• [WORK ORDER]: Render every line of the data exactly as written, and leave out the pictures.

(Data items)
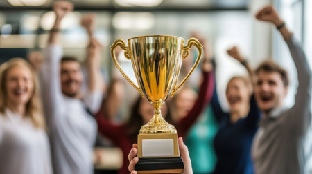 A gleaming golden trophy with a jubilant team celebrating in the background, symbolizing hard work, achievement, and recognition.
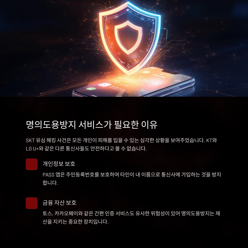 각 통신사의 보안 취약점이 드러나면서, KT와 LG U+와 같은 다른 통신사들 역시 안전하다고 볼 수 없는 상황입니다. 이처럼 누구에게나 일어날 수 있는 명의 도용 문제는 이제 더 이상 남의 일이 아닙니다.
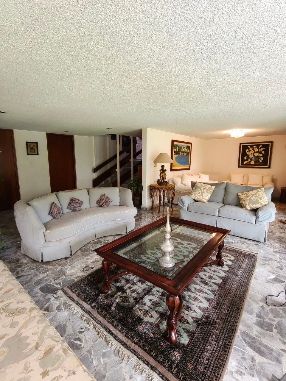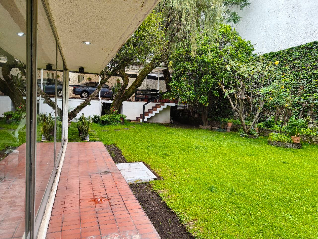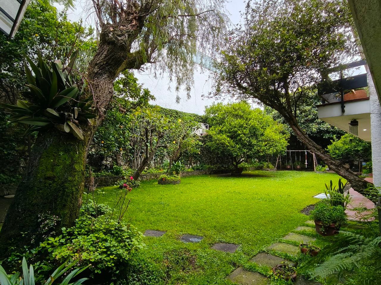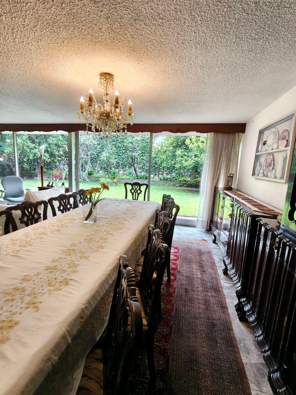 zona social formal, pasillo distribuidor, estudio, closet y 1/2 baño visitas, antesala, sala y comedor (todos con vista y salida a jardín), gran cocina integral con barra y desayunador, dos cuartos alacena con salida a patio interno de servicio y paso a jardín; de vestíbulo paso al área de estar o T.V., con acceso directo a 4 recámaras; 3 con closet baño cada una, la principal amplia con zona de estar, balcón, vestidor y baño. Exteriores; estacionamiento cubierto para 7 autos, gran bodega, cuarto mozo con baño, jardín en parte posterior, construcción anexa; cuarto de lavado y planchado, cuarto de servicio con baño, cuarto para huéspedes, con closet y baño.
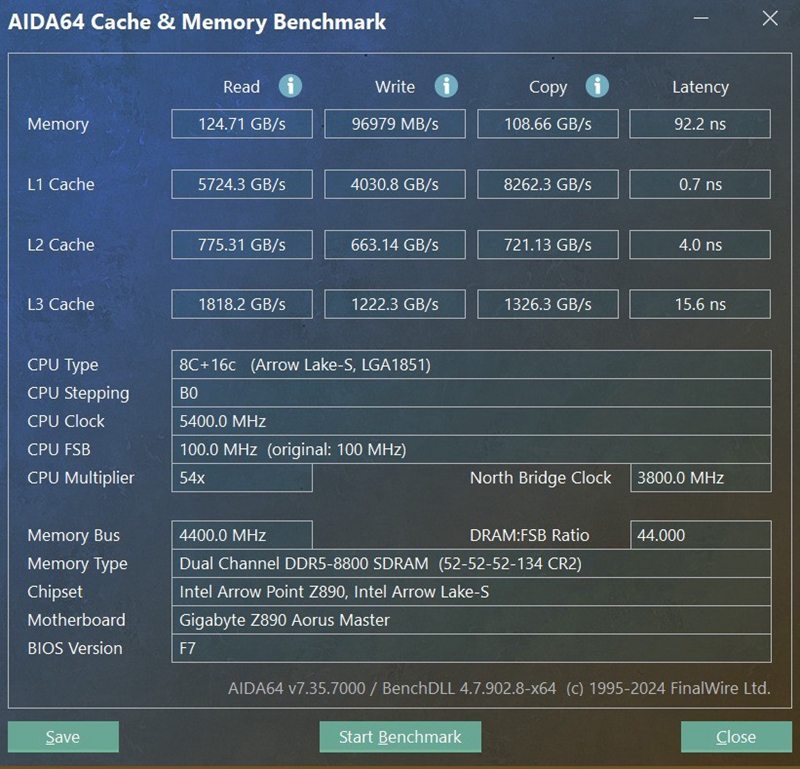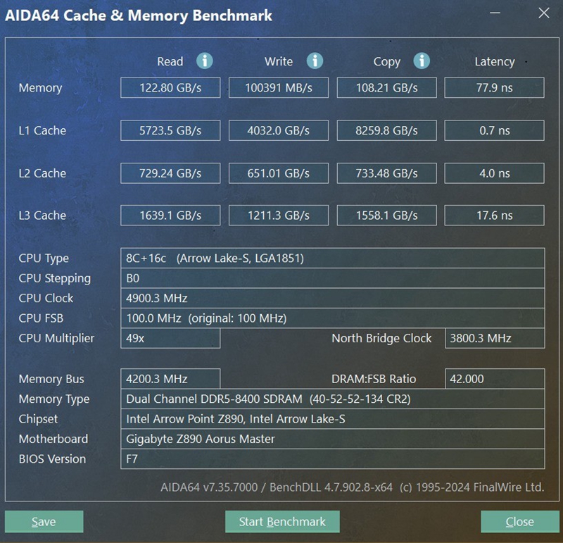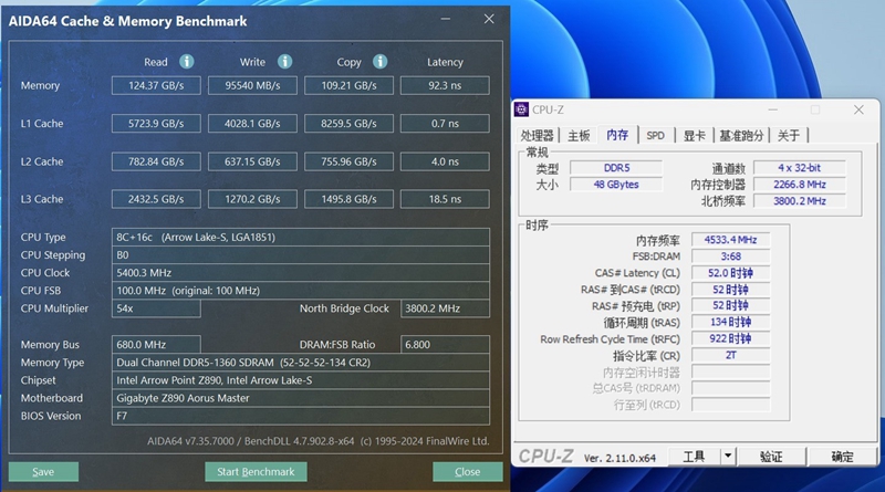 酷睿Ultra 200S一大特点是频率显著提升,所以我们首先测试了一下技嘉 Z890超级雕主板平台内存上面的表现。我们首先直接开启手里这组内存的XMP 8400。
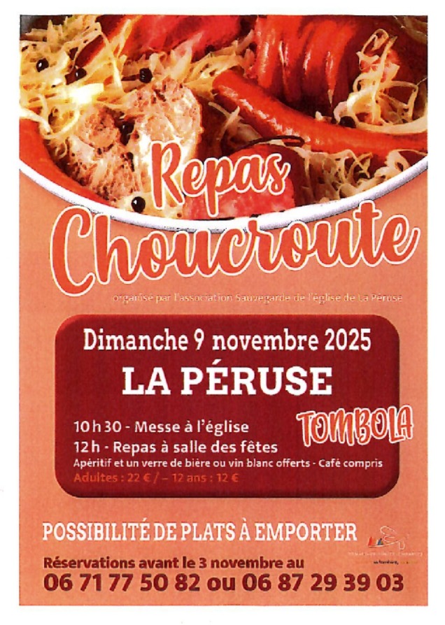 L’association Sauvegarde de l’église de La Péruse vous invite à un repas Choucroute après la messe de 10H30
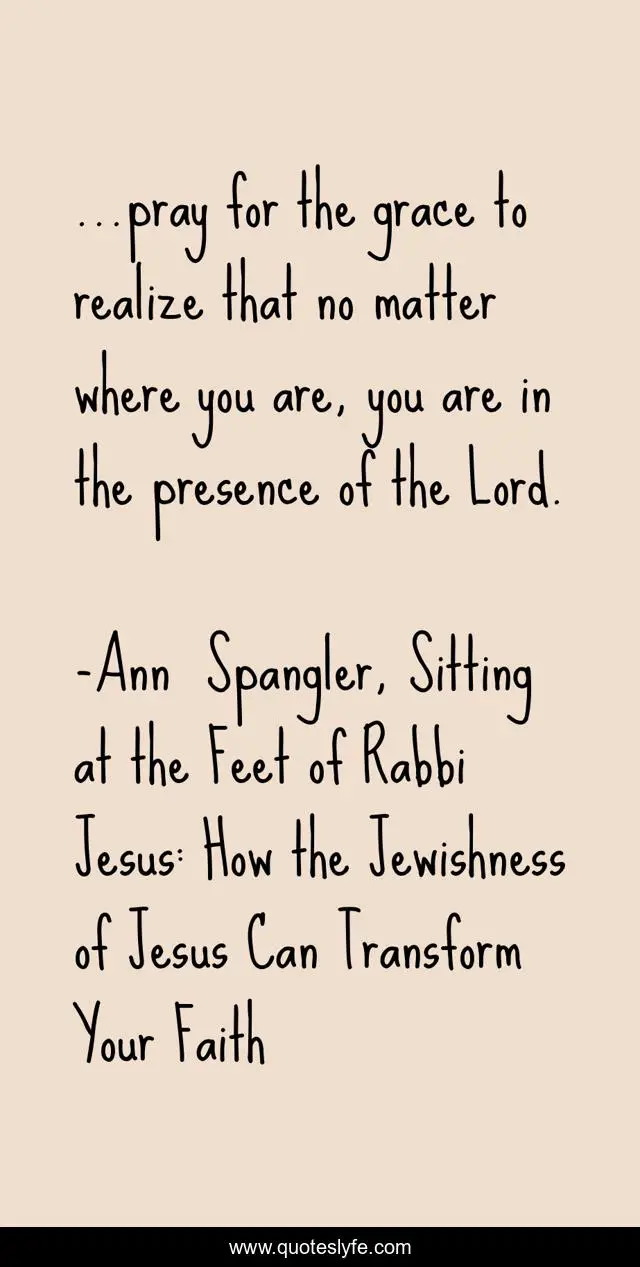 "Ann Spangler, Sitting at the Feet of Rabbi Jesus: How the Jewishness of Jesus Can Transform Your Faith Quotes." Quoteslyfe.com, 2025. Sat. 06 Dec. 2025. <https://www.quoteslyfe.com/quote/pray-for-the-grace-to-realize-that-114518>.

• [RESPONSE BOX]:
 A gleaming golden trophy with a jubilant team celebrating in the background, symbolizing hard work, achievement, and recognition.
 각 통신사의 보안 취약점이 드러나면서, KT와 LG U+와 같은 다른 통신사들 역시 안전하다고 볼 수 없는 상황입니다. 이처럼 누구에게나 일어날 수 있는 명의 도용 문제는 이제 더 이상 남의 일이 아닙니다.
 zona social formal, pasillo distribuidor, estudio, closet y 1/2 baño visitas, antesala, sala y comedor (todos con vista y salida a jardín), gran cocina integral con barra y desayunador, dos cuartos alacena con salida a patio interno de servicio y paso a jardín; de vestíbulo paso al área de estar o T.V., con acceso directo a 4 recámaras; 3 con closet baño cada una, la principal amplia con zona de estar, balcón, vestidor y baño. Exteriores; estacionamiento cubierto para 7 autos, gran bodega, cuarto mozo con baño, jardín en parte posterior, construcción anexa; cuarto de lavado y planchado, cuarto de servicio con baño, cuarto para huéspedes, con closet y baño.
 酷睿Ultra 200S一大特点是频率显著提升,所以我们首先测试了一下技嘉 Z890超级雕主板平台内存上面的表现。我们首先直接开启手里这组内存的XMP 8400。
 L’association Sauvegarde de l’église de La Péruse vous invite à un repas Choucroute après la messe de 10H30
 "Ann Spangler, Sitting at the Feet of Rabbi Jesus: How the Jewishness of Jesus Can Transform Your Faith Quotes." Quoteslyfe.com, 2025. Sat. 06 Dec. 2025. <https://www.quoteslyfe.com/quote/pray-for-the-grace-to-realize-that-114518>.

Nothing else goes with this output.